"Five pounds! O dear, that is too much for me, I'm afraid," he heard her say, and, at the voice, he turned and looked at her. The voice was unusual—a rapid, rather husky voice that made him think of muffled bells or snow-bound water, gay in rhythm, yet marred in tone, almost as though the speaker had cried a great deal. She was an unusual figure, too, though he could not have said why, except that her dress seemed to recall bygone fashions quaintly, though without a hint of dowdiness or affectation. She wore a skirt and jacket of soft gray, with pleated lawn at neck and wrists, and her small gray hat was wreathed with violets. She held the lacquer box, and her face, rosy, crisp, decisive, and showing, like her voice, a marred gaiety, expressed her reluctant relinquishment and her strong desire. Owen had seen a child look at a forbidden fruit with just such an expression and he suddenly wished that he could give the box to her rather than to Gwendolen, to whom five pounds was a matter of small moment.
"I think I mustn't," she repeated, after a further hesitation, and setting the box down with cherishing care. "Not to-day. And I have so much red lacquer. It's like dram-drinking."
Mr. Glazebrook smiled affably. He was evidently on old-established terms with his customer. "Perhaps you'd like to look round a bit, Mrs. Waterlow," he suggested. "There are some nice pieces of old glass in the inner room, quite cheap, some of them—a set of old champagne glasses." Mrs. Waterlow, saying that she wanted some old champagne glasses, moved away.
"Do you think the lady has given up that box?" Owen asked. "I don't want to buy it if there's a chance of her changing her mind."
Mr. Glazebrook said that there was no such chance, the lady being one who knew her own mind; so the box was bought and Owen ordered it to be sent to Gwendolen.
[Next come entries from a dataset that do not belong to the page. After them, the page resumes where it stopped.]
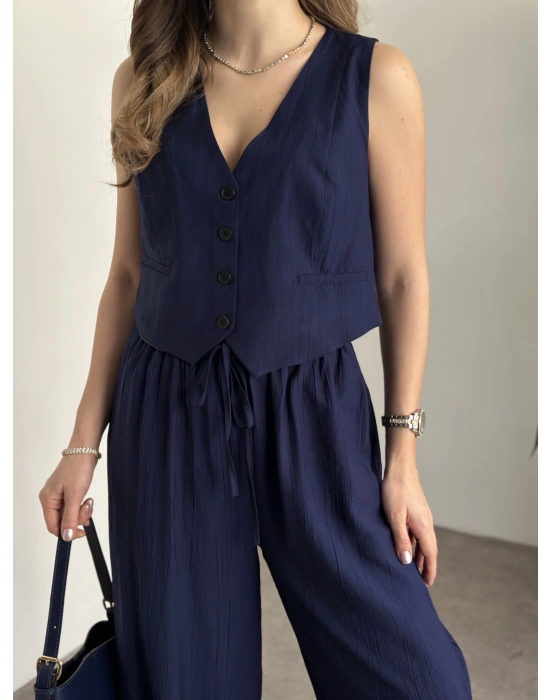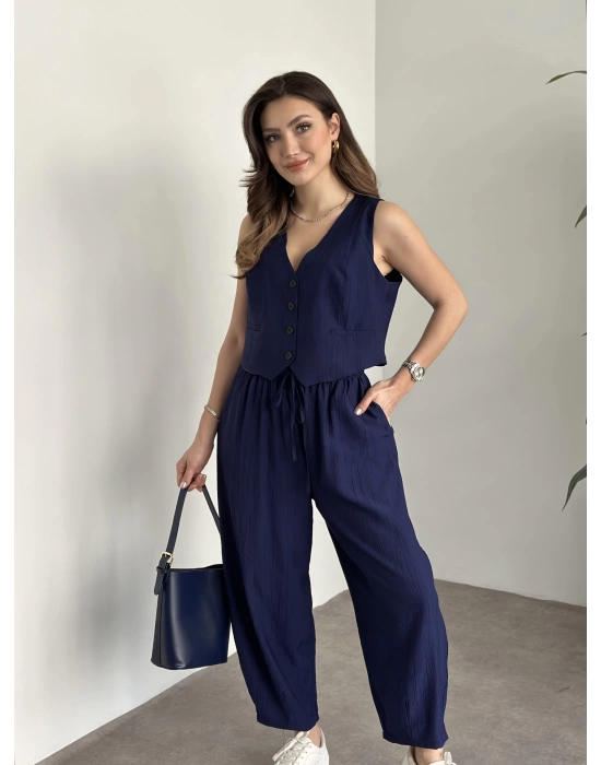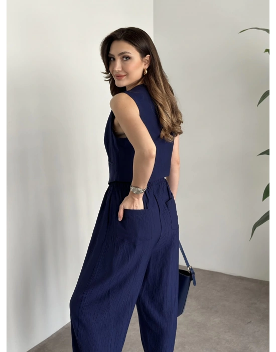 Şalvar Kesim Pantolon Yelekli Takım - Lacivert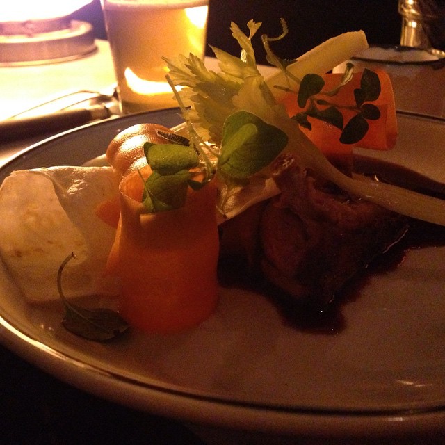 We krijgen inmiddels zin in wat we de vlotte chefs à la minute zien bereiden. Eerst tijd voor vis: hondstong, eigeel, champignon (€11) en mosselen, witbier, koriander (€10). Die hondstong herkennen we wel pas na even googlen als vis: blijkbaar familie van de zeetong. Het bord oogt verfijnd, eigentijds en bevestigt na het proeven. Dat mosselen matchen met witbier is een gegeven, maar koriander en gerookte forel doen het er net zo goed bij. Ik blijf wijngewijs bij de Meinklang, mijn vriend schakelt over op rood. De grappig klinkende Grololo (€5,50) van de Groslotdruif uit de Loirestreek laat zich inderdaad prima combineren met vis.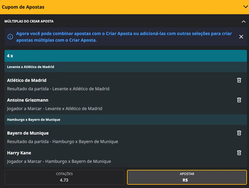 Sim, o Criar Aposta pode ser combinado com seleções de qualquer outro evento ou esporte, desde que sejam elegíveis para serem colocadas como múltiplas entre si. Confira no exemplo abaixo, com seleções de dois jogos e o aviso que aparece na tela:

He said then that he would like to have a look round, too. He really wanted to have another look at the lady with the rosy face and the small gray hat trimmed with violets. He peered into cabinets ranged thickly with old glass and china, examined the Worcester tea-set disposed upon a table and the case of Chinese tear-bottles and Japanese netzukés, and presently made his way into the smaller, dimmer room at the back.
"Oh, Mr. Glazebrook," said the lady in gray. She had heard his step, but had not turned. She was kneeling before an open packing-case and holding an object that she had drawn from it. Owen suddenly recognised the case. It was the one that Gwendolen yesterday had sent down to Mr. Glazebrook. He called this person, raising his hat, and the lady looked round at him, too preoccupied to express her recognition of her mistake by more than a vague murmur of thanks. "Mr. Glazebrook," she said, holding up a whitish object, "may I have this? Is it expensive?"
"Well, really, I only glanced over the box. A customer sent it down to me to dispose of, and I didn't think there was anything in it worth much. Let me see, Mrs. Waterlow; it's a pagoda, I take it, a Chinese pagoda. We've had them from time to time, in ivory and smaller than this."
"This is in porcelain," said the lady, "and beautifully moulded."
"I see, I see," said Mr. Glazebrook, taking the fragile top segment of the disjointed pagoda in his hand, and rather at a loss; "and it's slightly damaged."
The lady in gray evidently was not a shrewd bargainer. "Only a little," she said. "One or two bits have been chipped out of the roofs, and it's lost one or two of its little crystal rings; but I think it's in quite good condition, and I have it all here." She was placing one segment upon the other. "They are all made to fit, you see, with the little openings in each story."